El protagonista de esta encíclica son los derechos humanos, los cuales, a partir de este momento, se convertirían en el protagonista habitual de las encíclicas sociales. El hombre está dotado de unos derechos que pertenecen a su naturaleza y que no son el simple resultado de un consenso entre sectores políticos. Todos los hombres y mujeres del mundo pertenecemos a la misma familia humana y, en consecuencia, hemos de aspirar y hacer posible vivir en paz, en justicia y con esperanza en el futuro.

La encíclica hacía también una fuerte llamada al diálogo y al encuentro entre personas de otras religiones y con los no creyentes. Juan XXIII había ido por delante. No en vano fue el primer Pontífice que recibió a un Primado anglicano y había sorprendido al mundo invitando al concilio Vaticano II a Delegados de otras confesiones cristianas y había mantenido relaciones con personalidades agnósticas.

Juan XXIII partía de un gran supuesto: hay que distinguir claramente entre «el error» y el «hombre que yerra». El hombre, aunque yerre, no queda despojado de su dignidad ni de la ayuda de la divina Providencia en la búsqueda del camino de la verdad. Este mensaje, como diría Benedicto XVI, en 2012, a la Academia Pontificia de Ciencias Sociales, «puede resonar entre las personas de todas las creencias y de los que no tienen ninguna, ya que su verdad es accesible a todos».

La encíclica fue recibida con enorme entusiasmo. Hasta el punto de que, por primera y última vez, el New York Times la publicó íntegramente. Incluso fue traducida al ruso y elogiada en el diario soviético Pravda. Como era previsible, también surgieron nuevos riesgos, con ofertas trampa de diálogo a la Iglesia en los países comunistas, cuya finalidad última no era el diálogo sino el sometimiento. Con todo, el tiempo ha demostrado que el gran escollo es el rechazo de la ley natural por parte de gran parte del mundo laico. Ahí están los supuestos derechos al aborto y la redefinición del matrimonio, o la ideología de género.

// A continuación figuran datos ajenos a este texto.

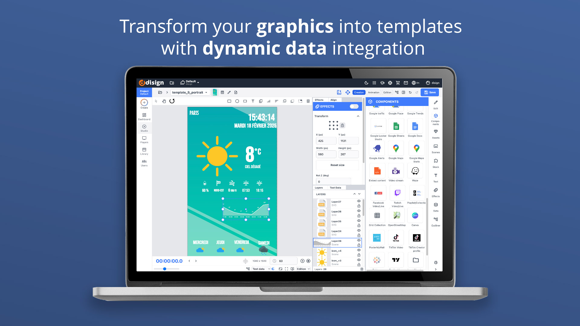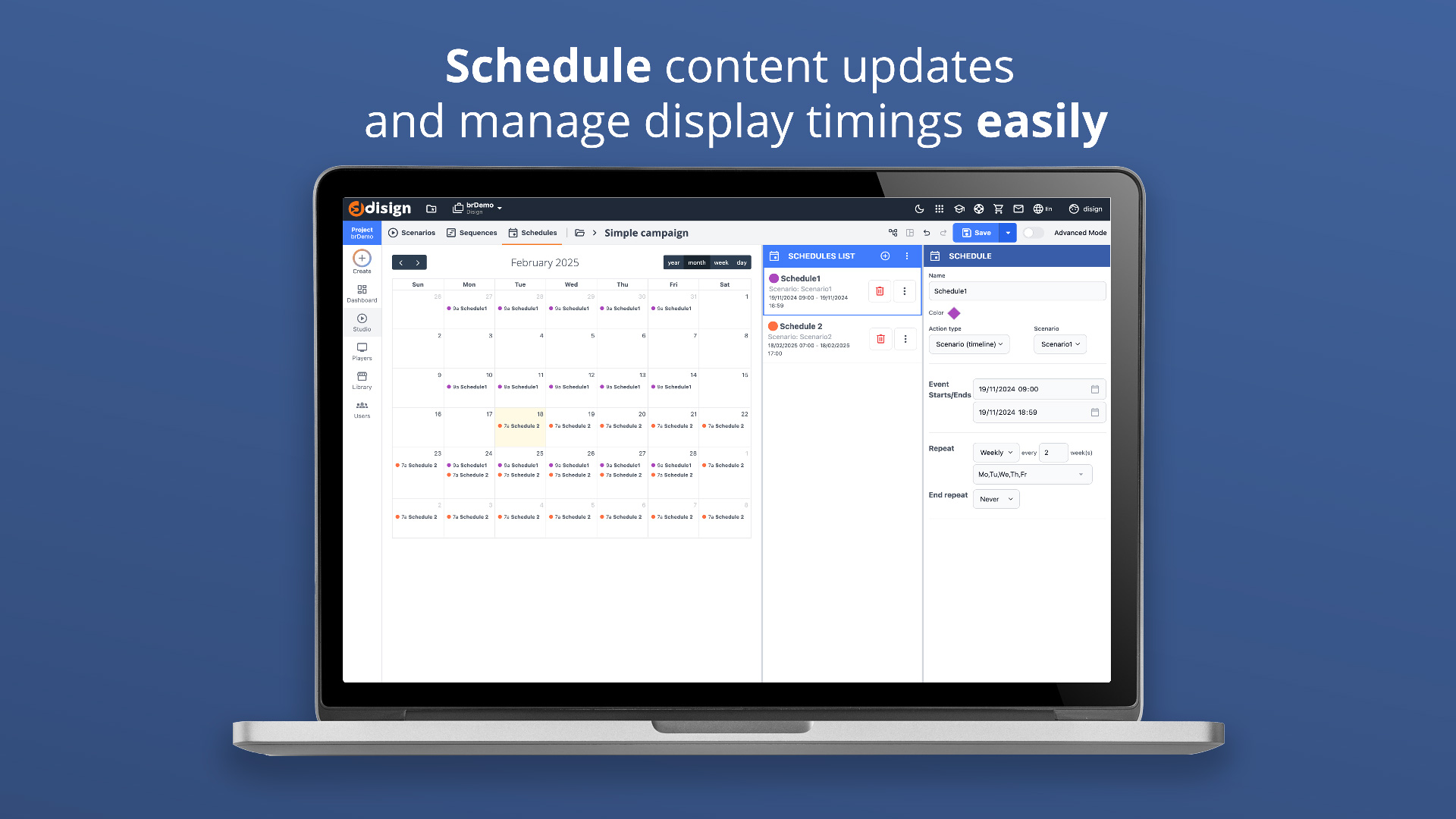 Displai makes it easy to connect and control all of your screens. Displai takes the design work out of creating professional content. It lets you create announcements, menus, calendars, & more, without moving a single pixel.
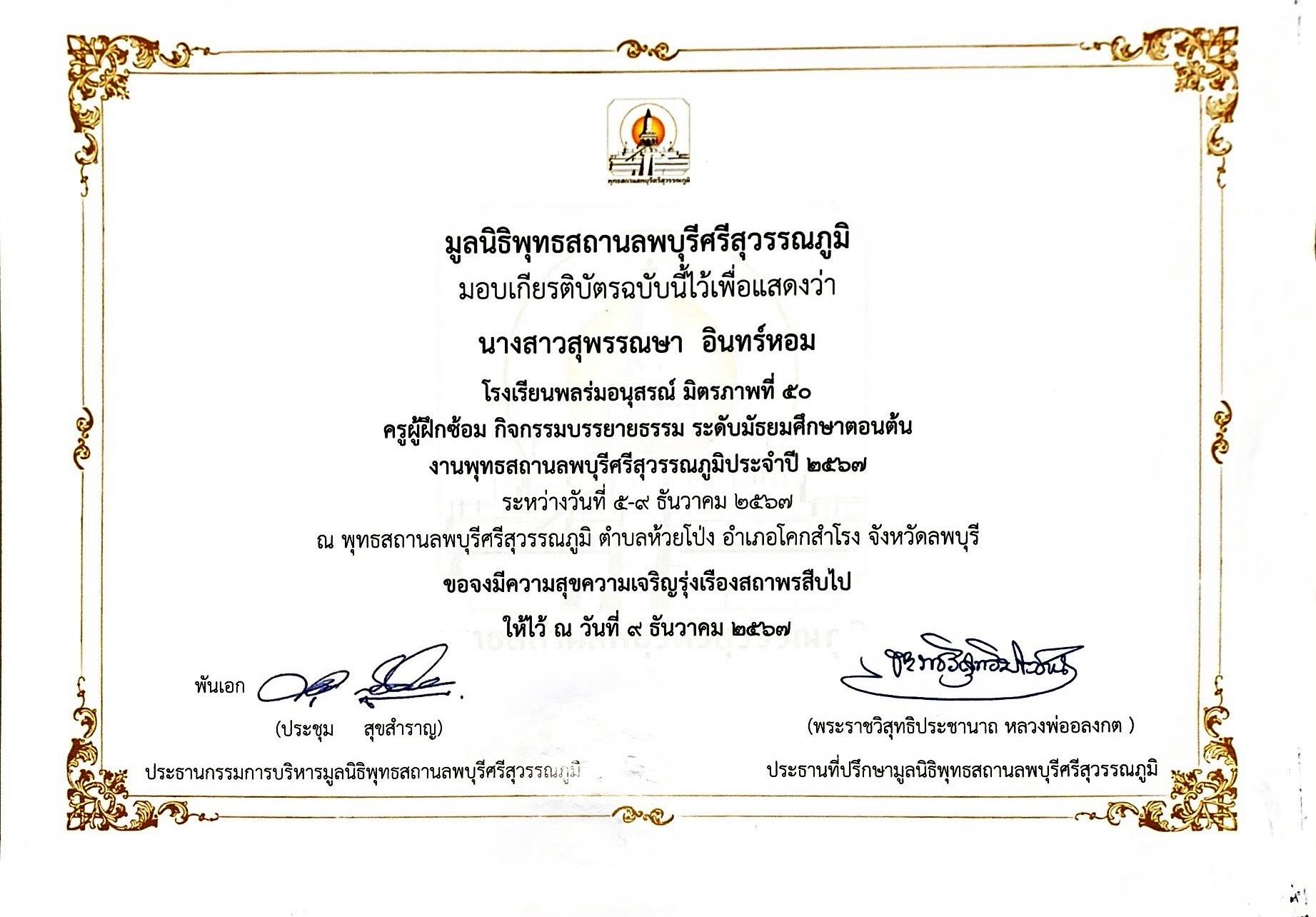 นางสาว สุพรรณษา อินทร์หอม |

Han pasado cincuenta años desde la publicación de esta gran encíclica, pero su doctrina y su espíritu no han perdido actualidad. Es preciso recuperar que el hombre es poseedor de unos derechos que le corresponden por ser persona creada a imagen de Dios y, por ello, el sujeto, el fundamento y el fin de las relaciones civiles, políticas, internacionales y mundiales. Sobre este fundamento, no sobre las ideologías de diverso tipo, se puede y es preciso construir la paz. La lectura o relectura de este gran texto de Juan XXIII puede refrescar nuestras ideas y allanar el camino a recorrer.